Purpose: While bladder outlet obstruction is well established to elicit an inflammatory reaction in the bladder that leads to overactive bladder and fibrosis, little is known about the mechanism by which this is initiated. NLRs (NOD-like receptors) and the structures that they form (inflammasomes) have been identified as sensors of cellular damage, including pressure induced damage, and triggers of inflammation. Recently we identified these structures in the urothelium. In this study we assessed the role of the NLRP3 (NACHT, LRR and PYD domains-containing protein 3) inflammasome in bladder dysfunction resulting from bladder outlet obstruction.
Materials and methods: Bladder outlet obstruction was created in female rats by inserting a 1 mm outer diameter transurethral catheter, tying a silk ligature around the urethra and removing the catheter.
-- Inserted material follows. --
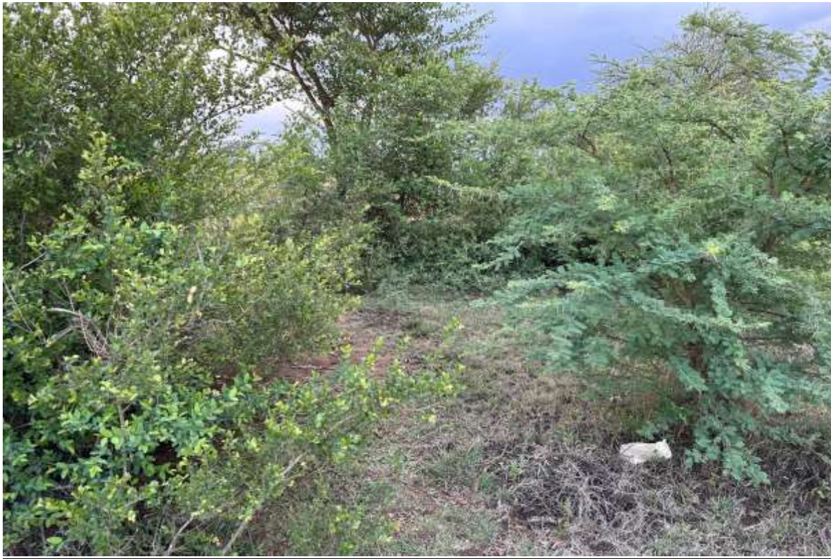
Figure 6: Another portion of the site proposed for the development.

Untreated and sham operated rats served as controls. Rats with bladder outlet obstruction were given vehicle (10% ethanol) or 10 mg/kg glyburide (a NLRP3 inhibitor) orally daily for 12 days. Inflammasome activity, bladder hypertrophy, inflammation and bladder function (urodynamics) were assessed.
Results: Bladder outlet obstruction increased urothelial inflammasome activity, bladder hypertrophy and inflammation, and decreased voided volume. Glyburide blocked inflammasome activation, reduced hypertrophy and prevented inflammation. The decrease in voided volume was also attenuated by glyburide mechanistically as an increase in detrusor contraction duration and voiding period.
Conclusion: Results suggest the importance of the NLRP3 inflammasome in the induction of inflammation and bladder dysfunction secondary to bladder outlet obstruction. Arresting these processes with NLRP3 inhibitors may prove useful to treat the symptoms that they produce.
Keywords: cystitis; immunity; inflammasomes; inflammation; innate; urinary bladder neck obstruction.